Biz ülke olarak eğer meşvereti esas alan bir yönetim anlayışını siyasette hâkim kılabilirsek, bu, âlem-i İslam için de örnek bir reçete olacaktır.5

SİYASETTE TEMEL PROBLEMİMİZ

Bediüzzaman’a göre, bizim Müslüman olarak siyasette temel problemimiz, ilk dört halifeden sonra aklımızı başımızdan çıkarıp adeta işlevsiz kılarak, farklı kılıklarda tezahür eden rey-i vahide boyun eğme, bir aklı kutsallaştırma ve çok aklı bir akla mahkûm etme hastalığıdır.

Çok akıl, bir aklı nasıl kutsallaştırıyor ve bir akla nasıl mahkûm oluyor; doğrusu anlamak mümkün değildir! Adı ister saltanat olsun, ister padişahlık, ister halifelik, ister cumhuriyet, isterse cemaat olsun –kurumu ve adı ne olursa olsun-; rey-i vahide mahkûm edildiği anda derman olmaktan çıkıyor, kendisi dert oluyor!

Fıkıh usulünde önemli bir kural vardır: İcma-i ümmet, yani ümmetin bir meseledeki birliği önemli bir şer’î delildir. Rey-i vahid ise delil değildir. Dört mezhebe göre bu böyledir.

Tarikatta şeyhin rey-i vahidine itibar etmek bir usuldür. Eyvallah!

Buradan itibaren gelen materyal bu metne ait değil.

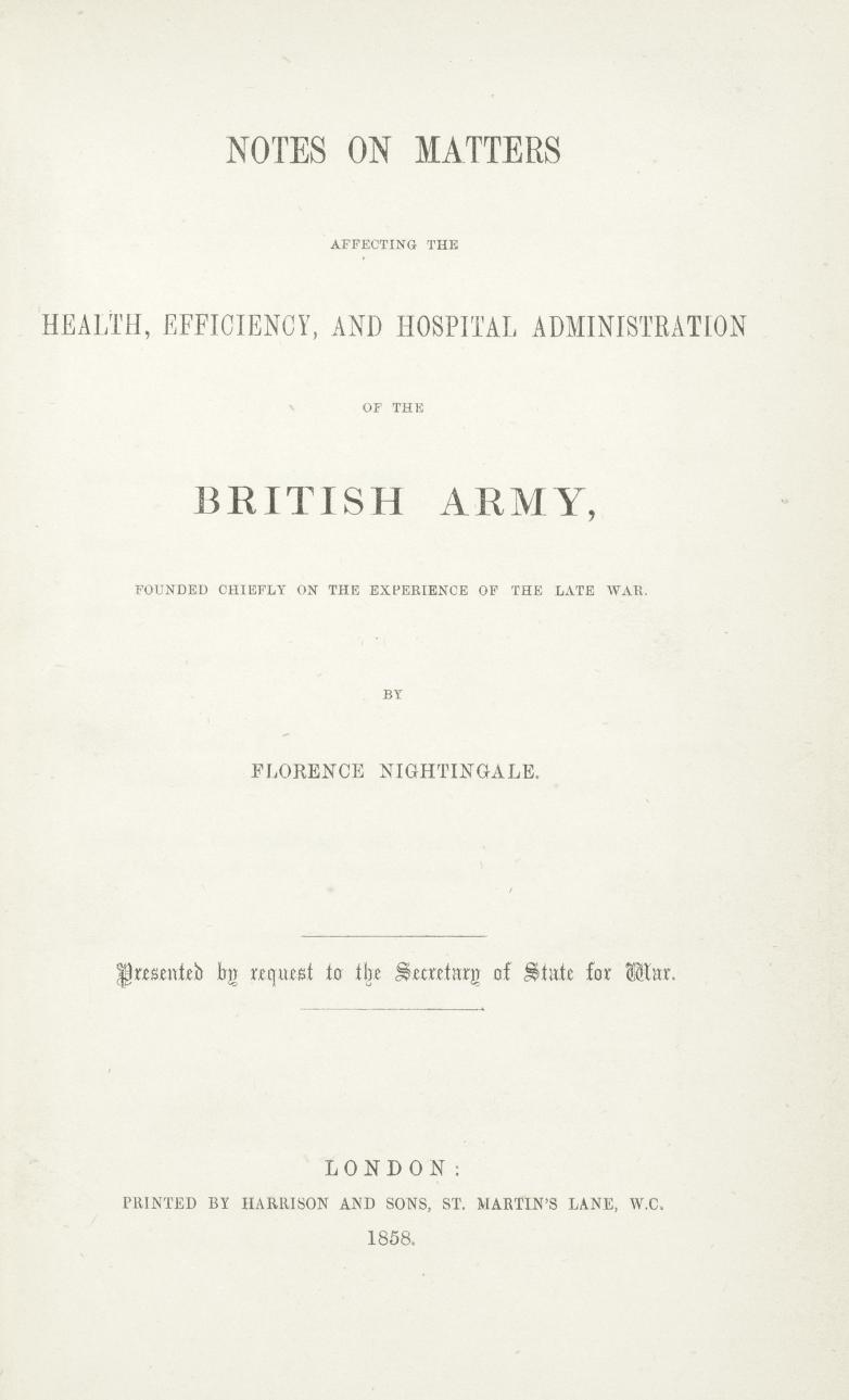 The report exposed the horrific statistic that 16,000 of the 18,000 deaths in the Crimea were due to preventable diseases caused by poor sanitation and nursing practices. Nightingale had submitted these figures, together with detailed recommendations for reform, to the Royal Commission into Military Hospitals, set up by the Secretary of State for War, Lord Panmure, at her prompting. When the Government’s report was published earlier in 1858, many of Nightingale’s suggestions were adopted, but the statistics on death and disease were omitted Nightingale sent this copy with a hand-written letter to her banker and supporter Edward Marjoribanks, who had served as a trustee of The Nightingale Fund, set up in 1855 to raise money to establish a training institute for nurses. Although Nightingale requested that her report be kept confidential, it would seem that she hoped and expected that the contents would leak out and influence public debate.

“Benim de Şimdi Bir Reyim Var”

Ama cemaat rey-i vahide mahkûm olmamalı; bütün tercihlerini meşveretle yapmalı, bütün iradesini meşveretle ortaya koymalıdır. Çünkü meşverette ortak akıl esastır. Ortak akılda hikmet vardır, rahmet vardır, bereket vardır.

Bediüzzaman’ın şeriat namına söylediği husus budur! İşte Risale-i Nur, Nur Talebelerinin hizmet biçimlerini olsun, sosyal ve siyasî tercihlerini olsun rey-i vahidin, yani bir şeyhin, bir hocanın veya bir ağabeyin yetkisine vermemiştir. Risale-i Nur’un şahs-ı manevîsinden çıkan meşveret heyetinin sorumluluğuna yüklemiştir.

Öyleyse, meşveretle hareket eden, sonuç ne olursa olsun, hakkın hatırını âli tuttuğundan isabet etmiş olur.

Emirdağ Lahikasında geçen, “Siz, meşveretle ne lâzımsa yaparsınız.”6 ve, “Bundan sonra her meselemizde emir, Risale-i Nur’un şahs-ı manevîsini temsil eden has şakirtlerin ve sizlerindir. Benim de şimdi bir reyim var.”7 gibi fetvaları başka türlü anlamak mümkün mü?

Dipnotlar:
1- Âl-i İmran Suresi: 159; Şûra Suresi: 38.
2- Beyanat ve Tenvirler, s. 36.
3- Beyanat ve Tenvirler, s. 48.
4- Beyanat ve Tenvirler, s. 39.
5- Beyanat ve Tenvirler, s. 42.
6- Bediüzzaman, Emirdağ Lahikası, Yeni Asya Neşriyat, İstanbul, 2006, s. 249.
7- Bediüzzaman, Emirdağ Lahikası, Yeni Asya Neşriyat, İstanbul, 2006, s. 383.